Après Mélodie d’enfer (Xiao Pan, 2006), le talentueux Lu Ming est de retour en France avec cet album sombre Hard melody. Comme pour sa précédente histoire, il plonge le lecteur dans l’univers de la musique et la destinée cruelle de ses protagonistes. Le récit est poignant et dépeint parfaitement les dérives de la jeunesse actuelle chinoise, dans un pays entre traditions et modernité, entre communisme d’état et économie de marché où les plus pauvres restent sur le carreau tandis que les plus riches prospèrent à toute vitesse. Une société dont le carcan du PC chinois opprime les plus faibles et les artistes. Il lui aura fallu deux ans pour accoucher dans la douleur de cette histoire, entre de nombreux paquets de cigarettes et un nombre impressionnant de marqueurs usés. Il souhaitait : « […] dresser une stèle commémorant ceux de ma génération : les jeunes nés dans les années 80 et qui ont lutté désespérément contre la vie des grandes cités écrasantes ». Pour cela, il prend le prétexte de la musique pour raconter le destin de trois hommes, cassés par la vie et dont le succès leur ait monté à la tête. Pour mettre en lumière, les idéaux et la vie parfois banale des jeunes chinois. Si la narration peut déstabiliser le lecteur par sa forme non linéaire et ses cases muettes, le graphisme est somptueux. Sans croquis préparatoires, il a tout construit en 3D (personnages, paysages et scènes d’action) et cela se ressent. Hyper-réaliste, son trait jeté est d’une grande puissance. Les vignettes sublimes sont souvent très larges et les illustrations peuvent parfois prendre toute une page, voire une double page.
- Hard melody
- Auteur : Lu Ming
- Editeur: Mosquito
- Prix: 15€
- Sortie: 29 août 2014
Dimension W
En février paraissait le premier volume du seinen Dimension W et pendant les vacances estivales, les éditions Ki oon publient le troisième tome du manga signé Yuji Iwahara.
Afin de vous rafraîchir la mémoire, je vous conseille de relire la chronique du premier tome ici.
Kyoma, le chasseur de prime qui récupère les coils illégaux et Mira, jeune androïde aux pouvoirs impressionnants, continuent leur chemin ensemble.
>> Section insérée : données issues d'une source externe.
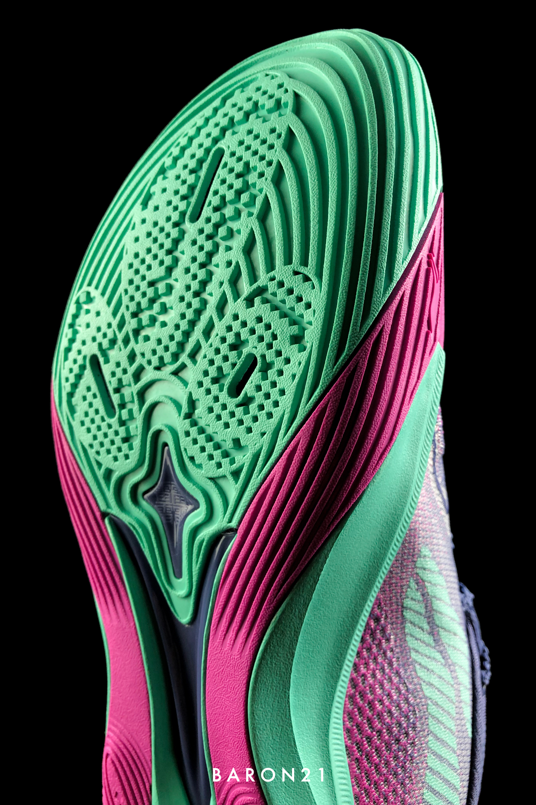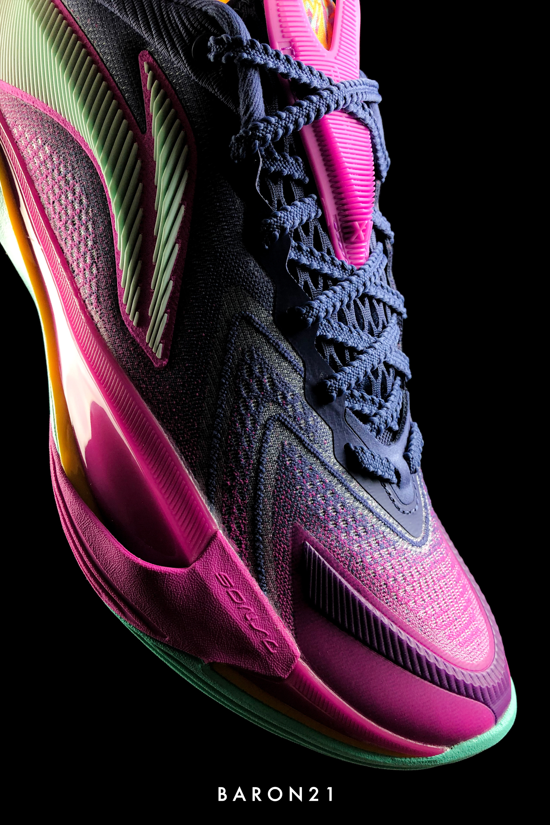 入手了一双音速13V2新配色:危险植物,原因就是这个配色太好看了!虽然这双用了多色彩搭配,但实物看起来丝毫不“缤纷水果”。能看出来设计师在色系选择和搭配上的用心程度,所以才会有这样一双显高级的配色。我愿称之为音速13的颜值担当! 拍完这组照片后,顺带上脚试了试。力线比较正,足弓支撑可以。前掌属于比较弹一些,脚感并不软,适合跑动型后卫。尺码正,包裹适中。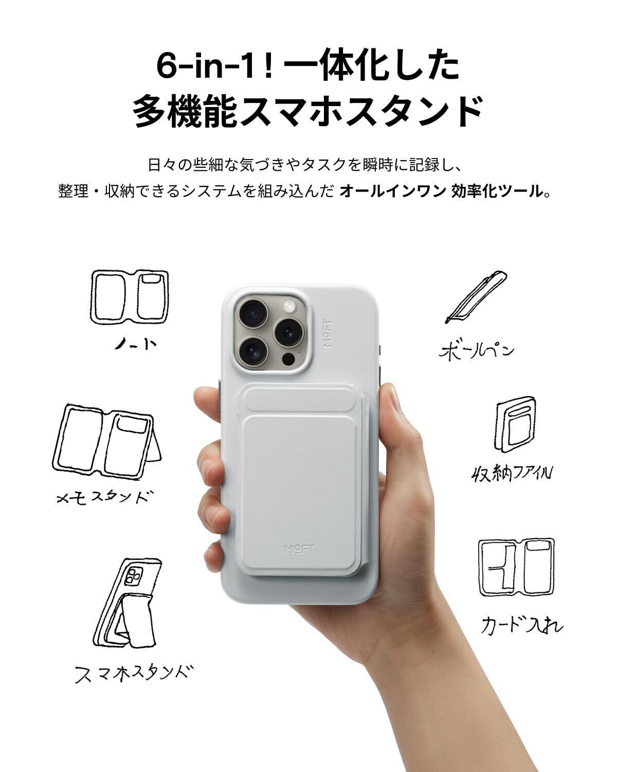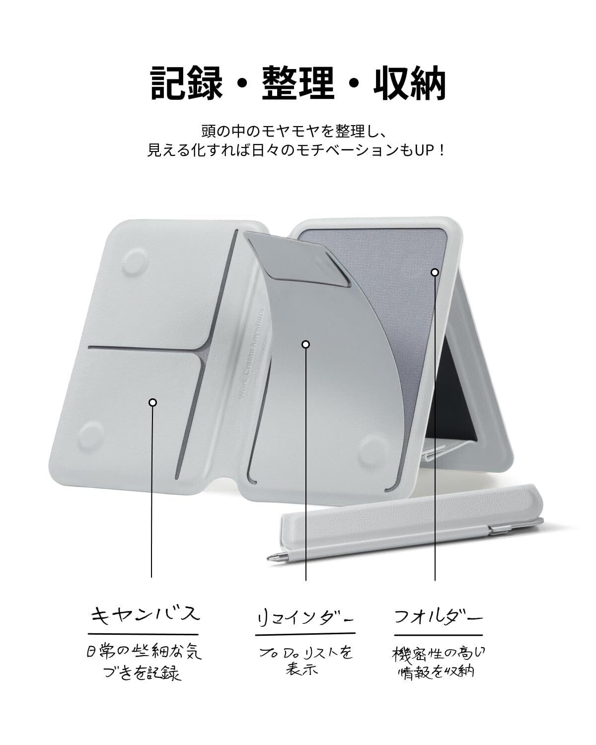 MOFT【公式直営店】スマホスタンド モフト インスピレーションスタンド&ノート 折りたたみボールペン MagSafe対応 iPhone 16/15/14/13/12シリーズ対応 ノートパッド付け 全機種対応 軽量 折りたたみ アイアンリング付き MOVAS™素材 手書き/記録/リマインダー/フォルダー/ワークスペース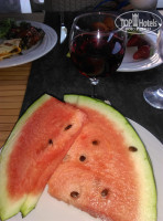 У пляжа есть бар. Там только вино, пиво, кофе. Какие-то закуски и фрукты.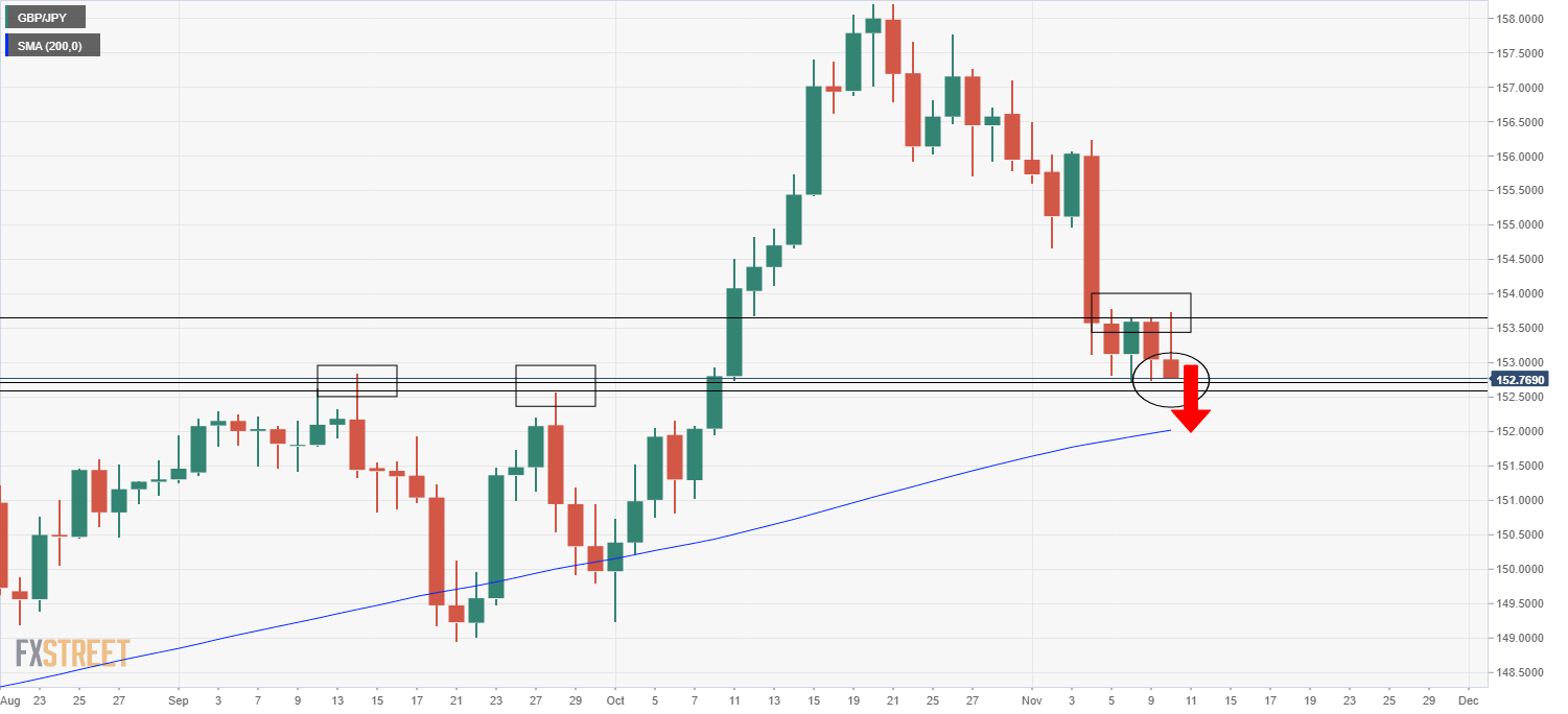 - GBP/JPY is probing multi-week lows under 153.00 ahead of UK GDP data out on Thursday.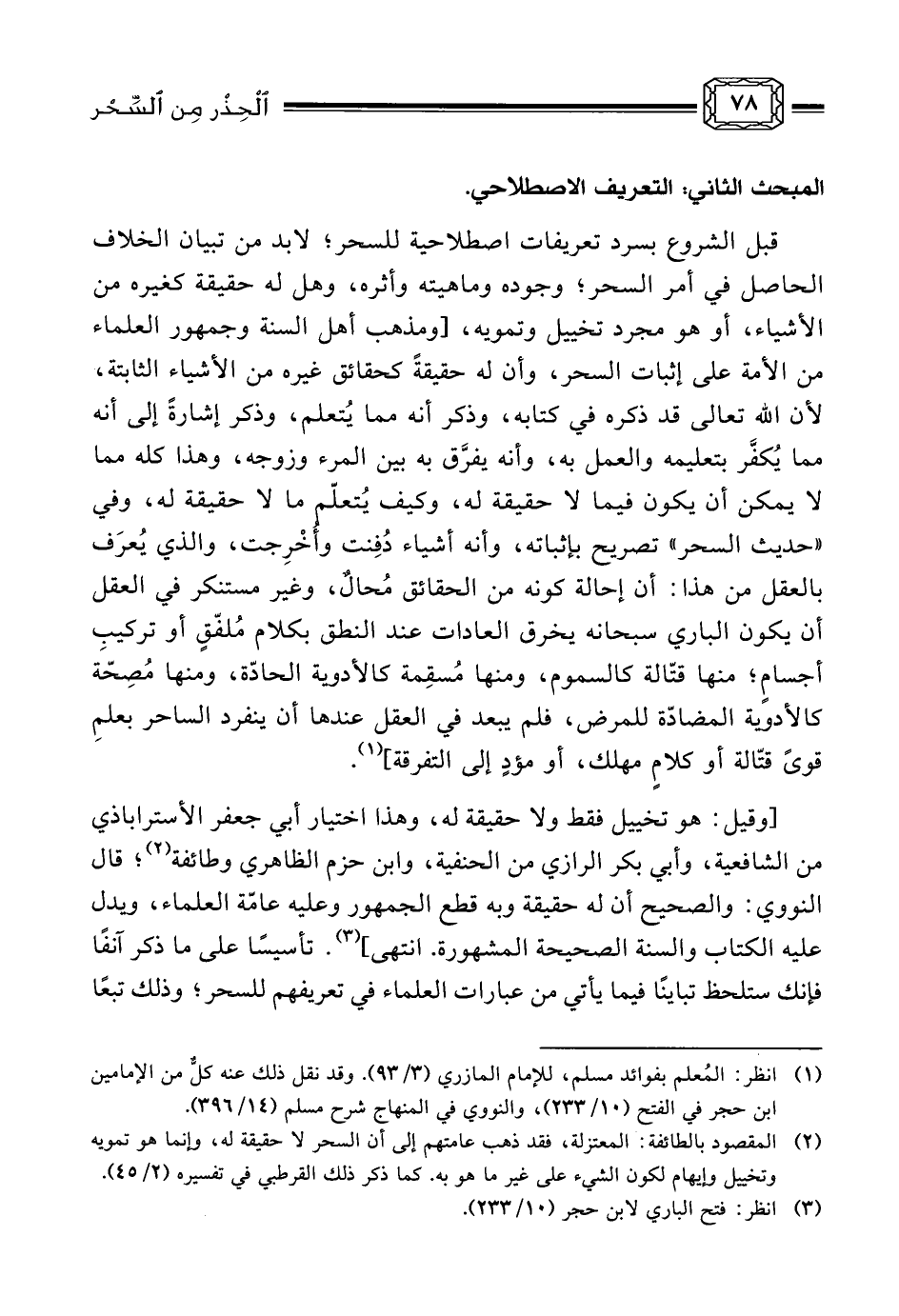 [وقيل: هو تخييل فقط ولا حقيقة له، وهذا اختيار أبي جعفر الأستراباذي من الشافعية، وأبي بكر الرازي من الحنفية، وابن حزم الظاهري وطائفة (¬2) ؛ قال النووي: والصحيح أن له حقيقة وبه قطع الجمهور وعليه عامّة العلماء، ويدل عليه الكتاب والسنة الصحيحة المشهورة. انتهى] (¬3) . تأسيسًا على ما ذكر آنفًا فإنك ستلحظ تباينًا فيما يأتي من عبارات العلماء في تعريفهم للسحر؛ وذلك تبعًا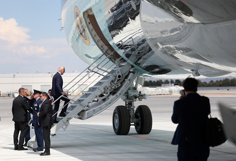 拜登在确诊新冠后步履蹒跚地登机 路透社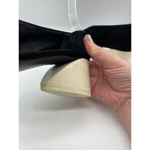 Mercedes Castillo Black Suede Cream Stacked Heel Slip On Peep Toe Shoe US 7
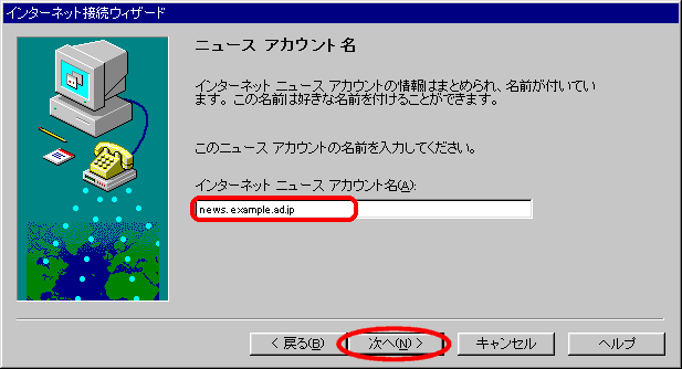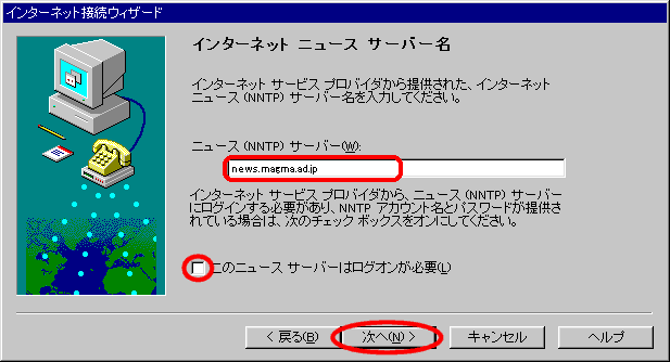 「このニュースサーバーはログオンが必要」の欄はチェックなしで結構です。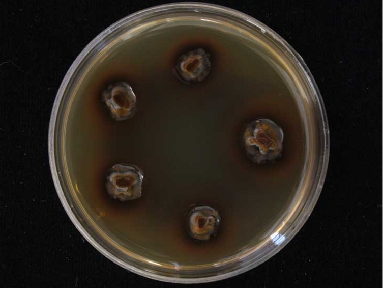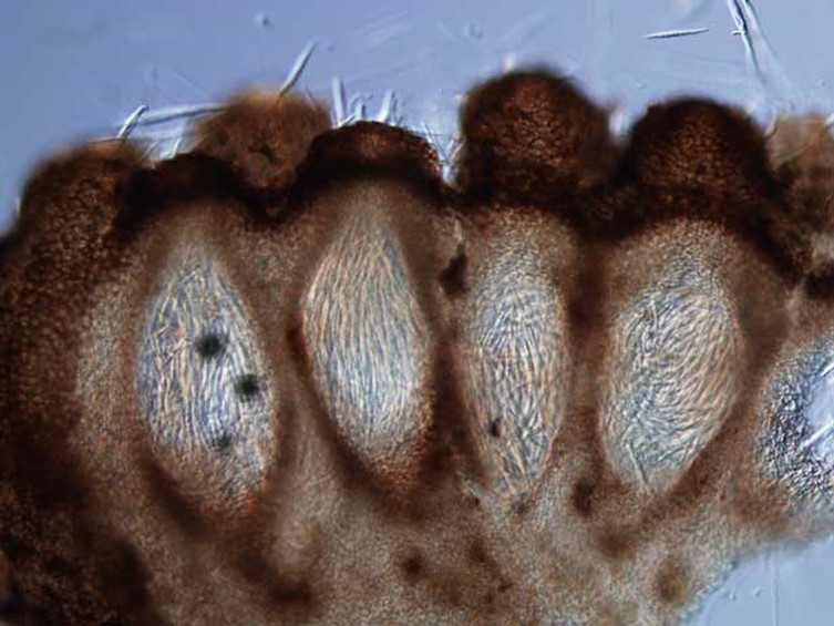 perithecia are closely packed and appear to be covered by a blackish-brown wall, 1.5-2 × 1.5-2 mm. They are produced in a pulvinate black stromatal cushion that may develop at various places along the stromata but preferably on the upper two-thirds of the stroma. Several perithecial cushionsmay develop. Below the perithecial plate near the base of the stroma are coarse golden brown hairs. Above the perithecial plate is a loose hymenium with occasional phialides visible. Perithecia fusoid-ellipsoid with rounded ostioles, 350-420 × 180-210 mm, with ostioles slightly protruding on the surface of the plate.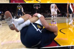 掘金当家球星约基奇在半场比赛结束前被队友斯潘塞·琼斯踩到腿部误伤致膝盖过度伸展提前退赛。

Ils se retrouvent dans le bar de Mary, la patronne qui souhaite leur proposer du travail. Pourtant, elle ne sert que d’intermédiaire pour Albert, employé de la New Tesla Energy, entreprise qui gère les coils et l’énergie sur Terre. Enervé à la vue du jeune homme, Kyoma est obligé d’accepter le deal.
La semaine précédente, près du lac de Yasogami, est retrouvé le corps de Sakaki, un écrivain de romans fantastiques. D’aucuns disent qu’une force surnaturelle l’a assassinée. Peu convaincu par cela, le chasseur de prime écoute les conclusions de l’enquête : le défunt fut retrouvé par sa femme de chambre dans son bureau avec de l’eau dans les poumons. La seule présence étant un robot de service, ancien modèle, initialisé pour ne faire aucun mal aux humains. Si un problème survient, la New Tesla met alors le robot hors tension. Ici, son coil a bien fonctionné et n’a pas été remplacé. D’ailleurs une vidéo fut enregistrée par le serveur pour étayer la thèse. Mais voilà, la partie concernant les circonstances de la mort a été effacée. Qui a tué le célèbre écrivain ? Sachant que la pièce était fermée et que seul le robot était présent.
Acceptant la mission, moyennant une forte somme d’argent, Kyoma et Mira arrivent alors à l’hôtel de Sakaki. Accueillis par deux androïdes ukrainiennes et par Makita le responsable, ils découvrent un lieu entièrement dédié à l’écrivain. De nombreux fans du romancier ont l’habitude de séjourner dans la demeure. Effrayés par la mort du propriétaire, quelques employés ont démissionné…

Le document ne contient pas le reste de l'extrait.